*REQUIRED ACTION:*
Only the lines from the start of the entries through the line with "Medias para running" should be returned, each exactly as it stands, and no pictures.

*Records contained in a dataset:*

((

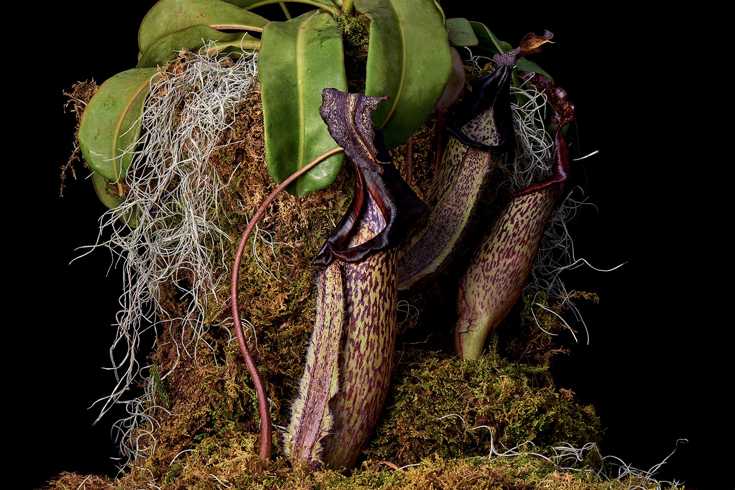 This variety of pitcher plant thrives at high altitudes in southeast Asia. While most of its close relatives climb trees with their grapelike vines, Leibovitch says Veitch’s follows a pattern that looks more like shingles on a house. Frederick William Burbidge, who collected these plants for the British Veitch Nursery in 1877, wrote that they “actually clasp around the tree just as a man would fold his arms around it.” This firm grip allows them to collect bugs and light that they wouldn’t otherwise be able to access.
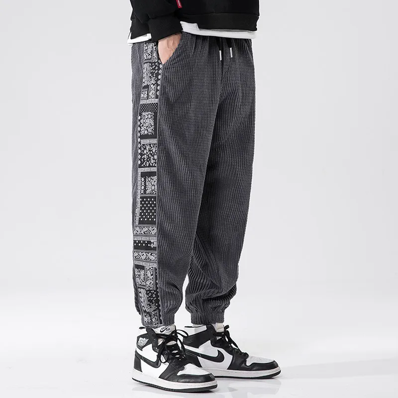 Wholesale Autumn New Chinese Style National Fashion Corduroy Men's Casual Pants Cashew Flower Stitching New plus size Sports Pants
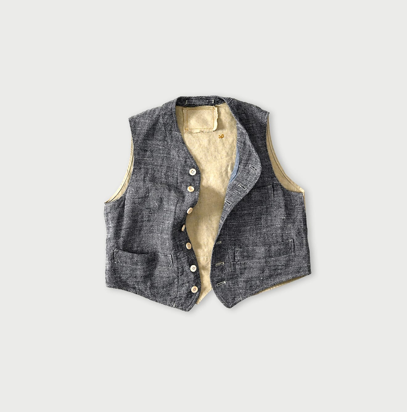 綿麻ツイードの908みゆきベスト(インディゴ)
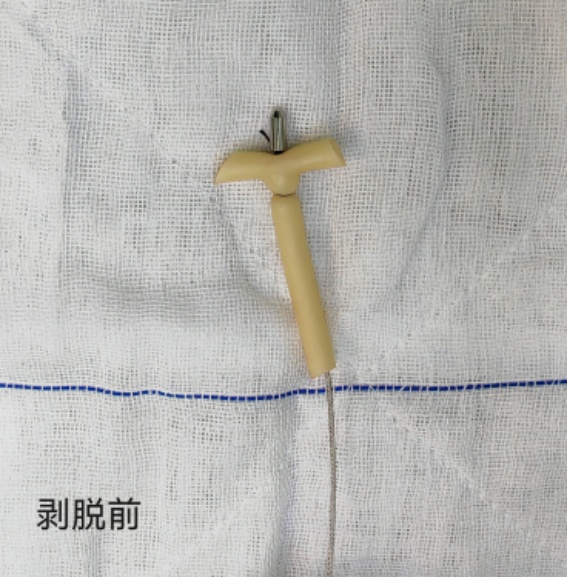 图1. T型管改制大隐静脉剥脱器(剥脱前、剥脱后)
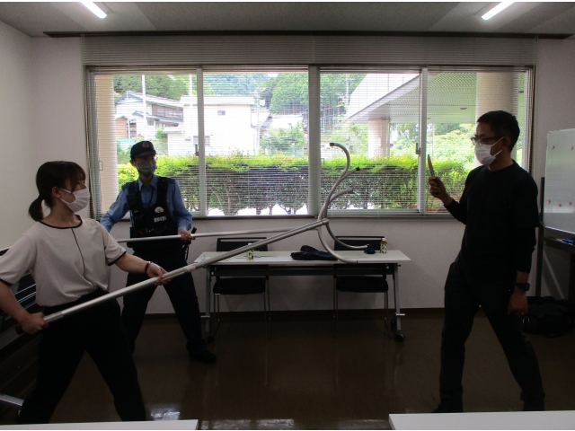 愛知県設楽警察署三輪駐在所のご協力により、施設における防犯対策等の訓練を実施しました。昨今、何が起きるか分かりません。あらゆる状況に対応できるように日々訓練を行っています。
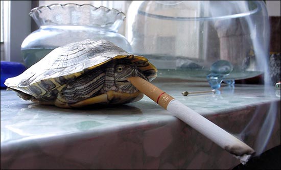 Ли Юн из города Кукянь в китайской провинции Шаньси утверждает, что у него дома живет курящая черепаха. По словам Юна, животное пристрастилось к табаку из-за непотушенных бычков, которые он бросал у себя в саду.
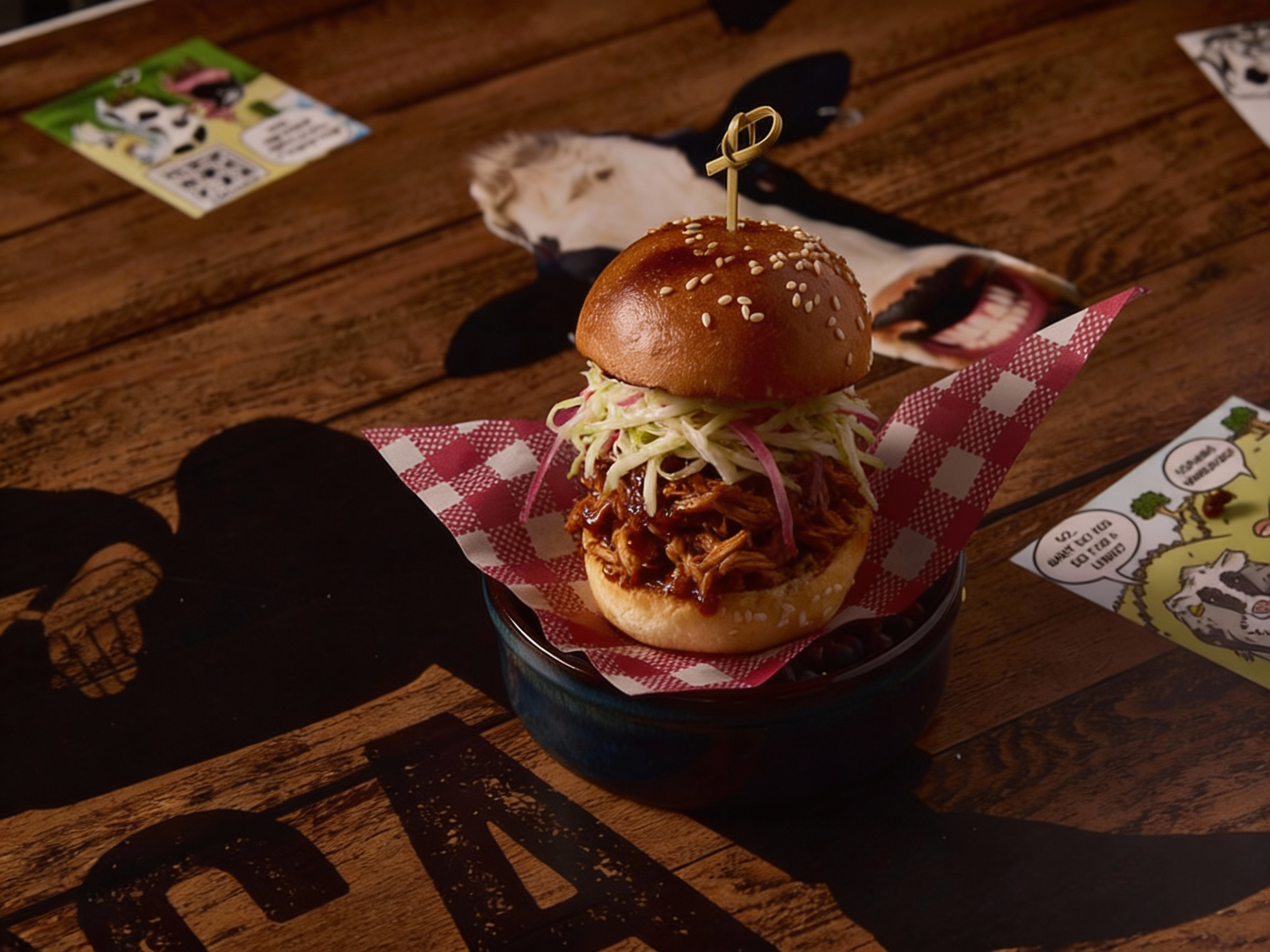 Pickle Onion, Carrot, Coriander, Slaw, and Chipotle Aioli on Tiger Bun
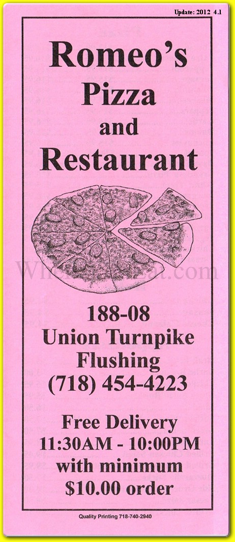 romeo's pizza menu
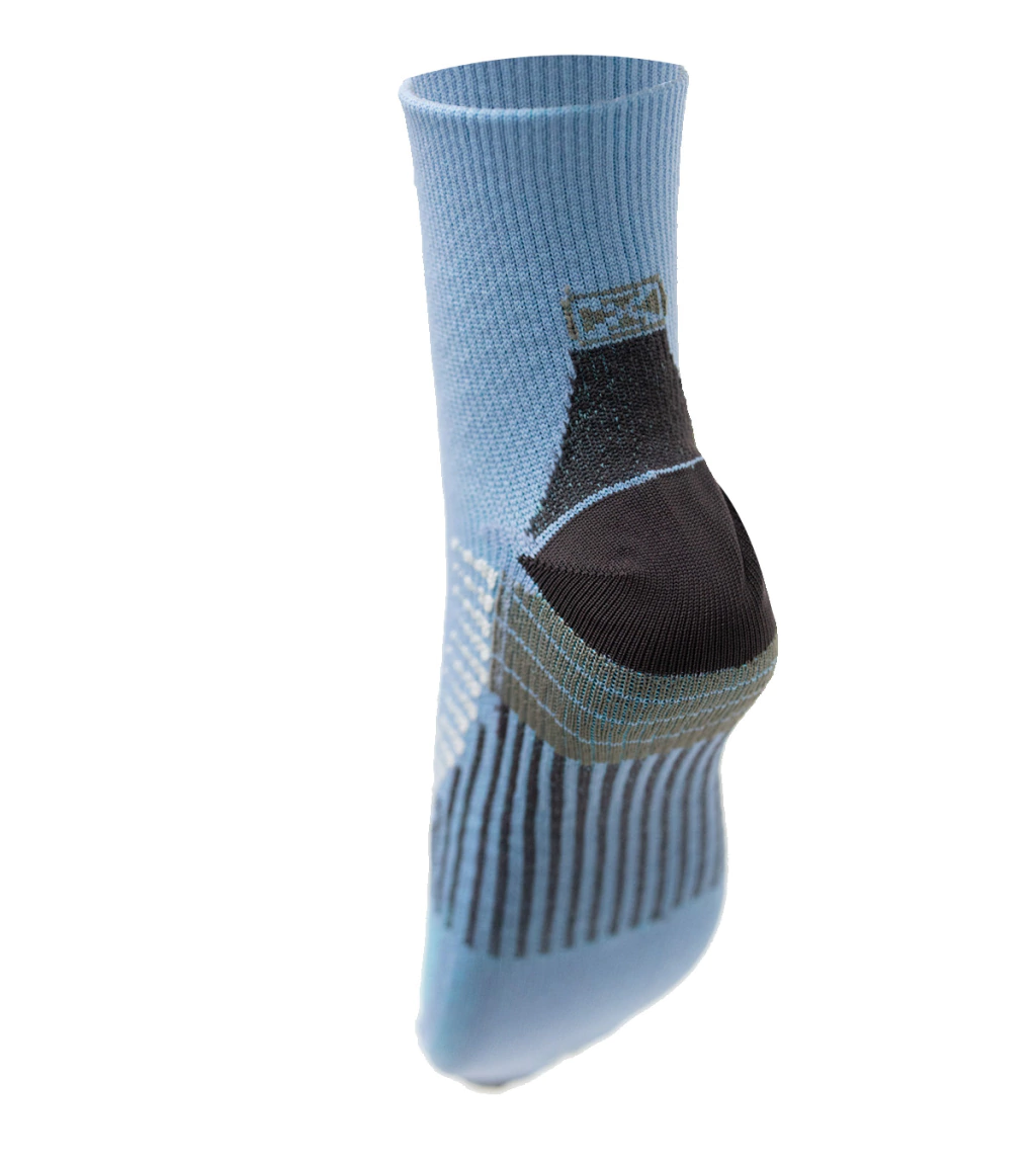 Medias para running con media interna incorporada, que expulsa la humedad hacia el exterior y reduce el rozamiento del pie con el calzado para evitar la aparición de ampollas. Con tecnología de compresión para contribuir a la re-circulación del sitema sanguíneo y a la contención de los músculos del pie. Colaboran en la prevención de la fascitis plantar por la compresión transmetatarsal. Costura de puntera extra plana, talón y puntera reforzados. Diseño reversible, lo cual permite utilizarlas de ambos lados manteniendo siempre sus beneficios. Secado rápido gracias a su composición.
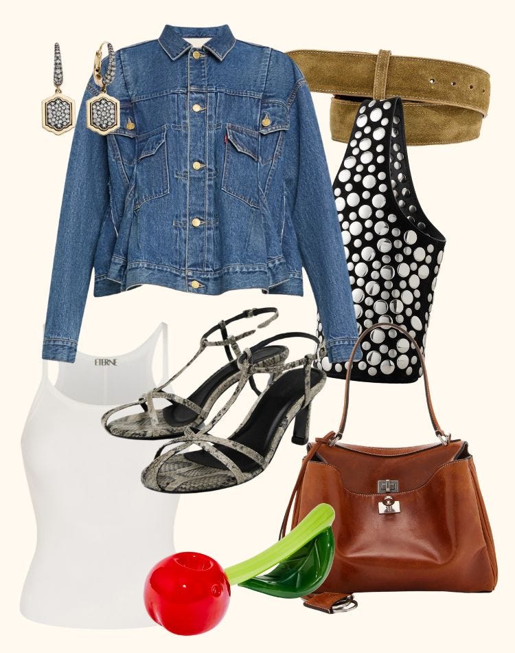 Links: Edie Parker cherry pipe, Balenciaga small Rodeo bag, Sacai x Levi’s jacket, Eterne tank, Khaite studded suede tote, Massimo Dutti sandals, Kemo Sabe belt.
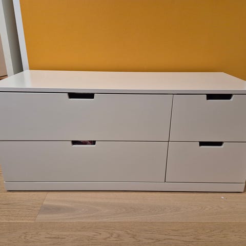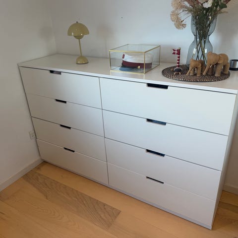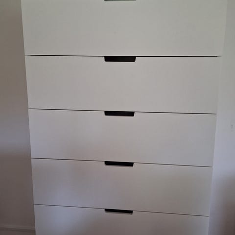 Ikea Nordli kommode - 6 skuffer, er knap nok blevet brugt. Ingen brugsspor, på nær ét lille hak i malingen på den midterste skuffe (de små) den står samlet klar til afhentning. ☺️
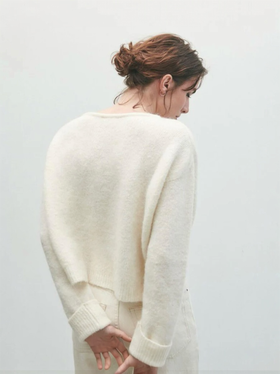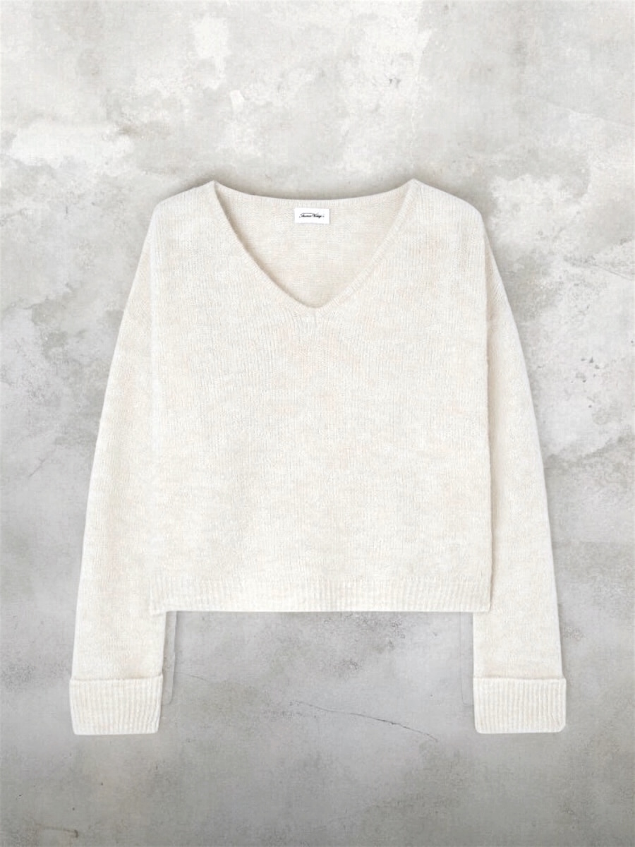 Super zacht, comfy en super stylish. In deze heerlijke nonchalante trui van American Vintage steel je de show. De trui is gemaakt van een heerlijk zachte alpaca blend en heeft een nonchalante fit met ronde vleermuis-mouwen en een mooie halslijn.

))

*TASK RESPONSE:*
 This variety of pitcher plant thrives at high altitudes in southeast Asia. While most of its close relatives climb trees with their grapelike vines, Leibovitch says Veitch’s follows a pattern that looks more like shingles on a house. Frederick William Burbidge, who collected these plants for the British Veitch Nursery in 1877, wrote that they “actually clasp around the tree just as a man would fold his arms around it.” This firm grip allows them to collect bugs and light that they wouldn’t otherwise be able to access.
 Wholesale Autumn New Chinese Style National Fashion Corduroy Men's Casual Pants Cashew Flower Stitching New plus size Sports Pants
 綿麻ツイードの908みゆきベスト(インディゴ)
 图1. T型管改制大隐静脉剥脱器(剥脱前、剥脱后)
 愛知県設楽警察署三輪駐在所のご協力により、施設における防犯対策等の訓練を実施しました。昨今、何が起きるか分かりません。あらゆる状況に対応できるように日々訓練を行っています。
 Ли Юн из города Кукянь в китайской провинции Шаньси утверждает, что у него дома живет курящая черепаха. По словам Юна, животное пристрастилось к табаку из-за непотушенных бычков, которые он бросал у себя в саду.
 Pickle Onion, Carrot, Coriander, Slaw, and Chipotle Aioli on Tiger Bun
 romeo's pizza menu
 Medias para running con media interna incorporada, que expulsa la humedad hacia el exterior y reduce el rozamiento del pie con el calzado para evitar la aparición de ampollas. Con tecnología de compresión para contribuir a la re-circulación del sitema sanguíneo y a la contención de los músculos del pie. Colaboran en la prevención de la fascitis plantar por la compresión transmetatarsal. Costura de puntera extra plana, talón y puntera reforzados. Diseño reversible, lo cual permite utilizarlas de ambos lados manteniendo siempre sus beneficios. Secado rápido gracias a su composición.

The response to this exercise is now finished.